A&E

Book review: ‘Don’t Read Poetry’ demystifies the art form

Are you new to poetry or uncomfortable analyzing what you read? Do you love it but want to better explain it to your peers? This is the book for you.

To give an idea of how good "Don't Read Poetry" is, six libraries within the Alaska system have it. It is truly worth reading. Photo courtesy of Pixabay

Burt, Stephanie, “Don’t Read Poetry: A Book about how to Read Poems.” Hachette Book Group, 2019. 320 pages. 0465094503 $18.99 978-0465094509

The title holds her thesis statement: Don’t read poetry. For the rest of the book, Stephanie Burt demystifies and explains how to read poems.

Burt is an English professor at Harvard, a poet, and the recipient of a 2016 Guggenheim fellowship for poetry.

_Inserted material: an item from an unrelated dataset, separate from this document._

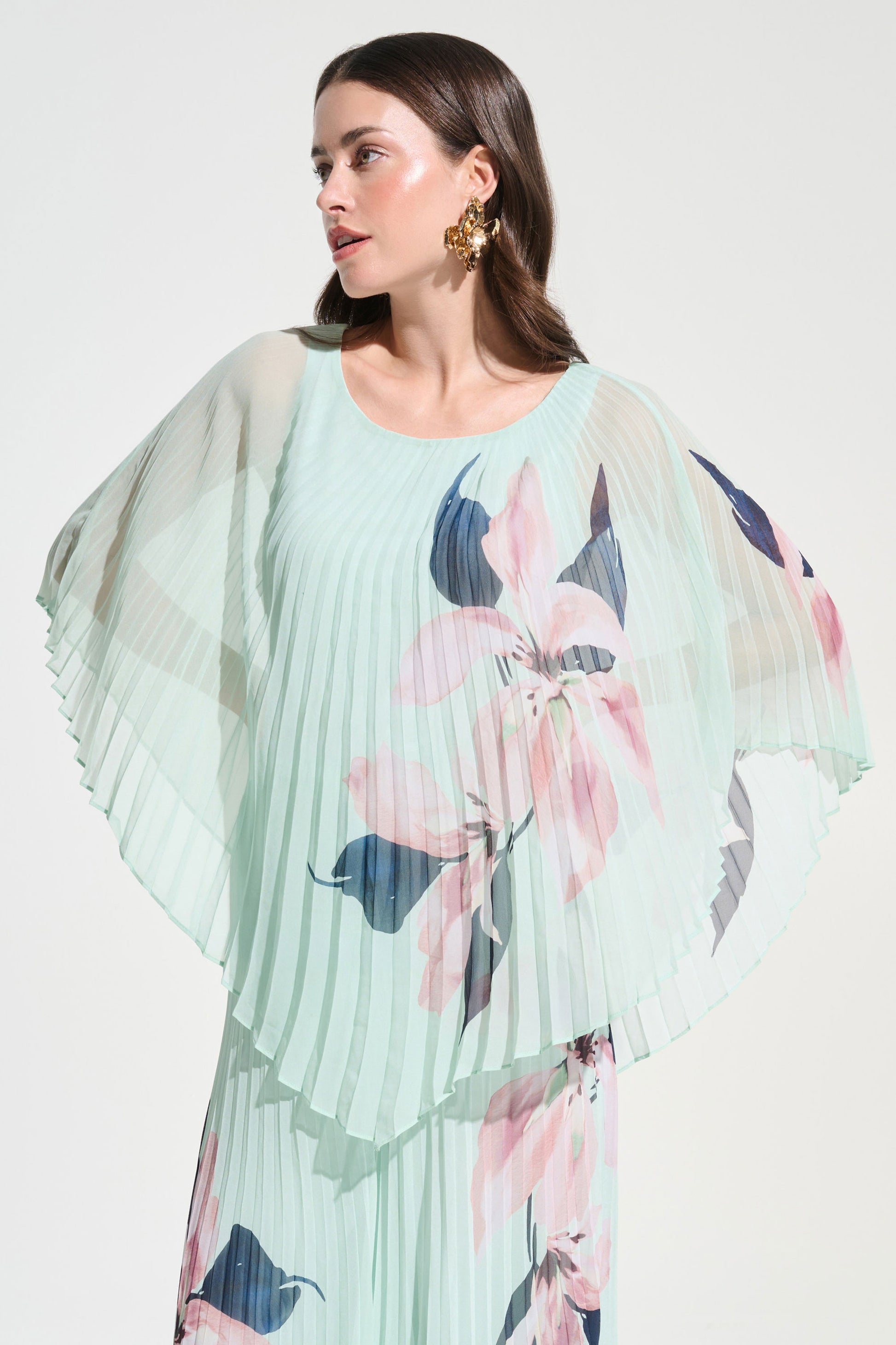 This elegant two-piece set pairs light, airy chiffon with a beautifully placed floral print for a refined, feminine look. The layered poncho top features floral placement pleating flowing over a silky knit base, designed with a boat neckline, three-quarter sleeves, and a centred V-hem that creates graceful, fluid lines. Coordinating pleated wide-leg pants complete the look with a separate waistband for subtle structure and a fully lined, flowing silhouette. Together, the set offers effortless elegance and polished movement, perfect for special occasions and elevated events.

Poetry can be complex, and once it is written, the understanding begins between the ears of the reader. Normal poetry classes teach how to label poetry and how to understand the rhythms. And you learn how to glean what a poet was saying with their work.

But Burt’s book gives hints on making it personal to the reader without the help of a professor.

Burt simplifies poetry and works from what most of her readers can relate to, showing a poem or poem segment and deconstructing it. Burt has a way of connecting with her readers and poetry she loves, pointing out aspects of it and why she is sharing it.

In the first chapter on feelings, Burt writes of how poetry can express a lot of feeling without telling the whole story, “inviting you to put yourself into the poet’s place.” The words of a poet’s words can “seem to connect feeling across time and space,” she writes.

Burt explains form, writing about different patterns in poetry and compares patterns to what readers will recognize, such as in music, dance, and architecture. She explains how the schemes can almost feel like “magic.”

She shares how sonnets have become modernized and shows how different they are under the label of being called sonnets. She introduces forms that may be new to readers, all presented with a poem and an explanation.

When it comes to understanding poems and recognizing their messages, Burt explains that techniques used in creating poems makes them easier to remember, even when we are surrounded by media, friends, novels and other published ideas. Poets chose forms for delivery and with repetition, rhyme, and meter — and many other techniques — she shows how the reader can better glean the idea being shared and remember it.

Even though we cannot see or hear Stephanie Burt talking to us, her writing style is personal and friendly. “Don’t Read Poetry” is like having a good friend chatting with you on a Zoom call and sharing poems.

In the “Dead Poets Society,” Mr. Keating says to his students: “One reads poetry because he is a member of the human race, and the human race is filled with passion! Medicine, law, banking - these are necessary to sustain life. But poetry, romance, love, beauty? These are what we stay alive for!" I think that Mr. Keating would give “Don’t Read Poetry” his stamp of approval.

For many who start out not liking poetry or who feel overwhelmed by it, Burt does a truly fantastic job presenting it.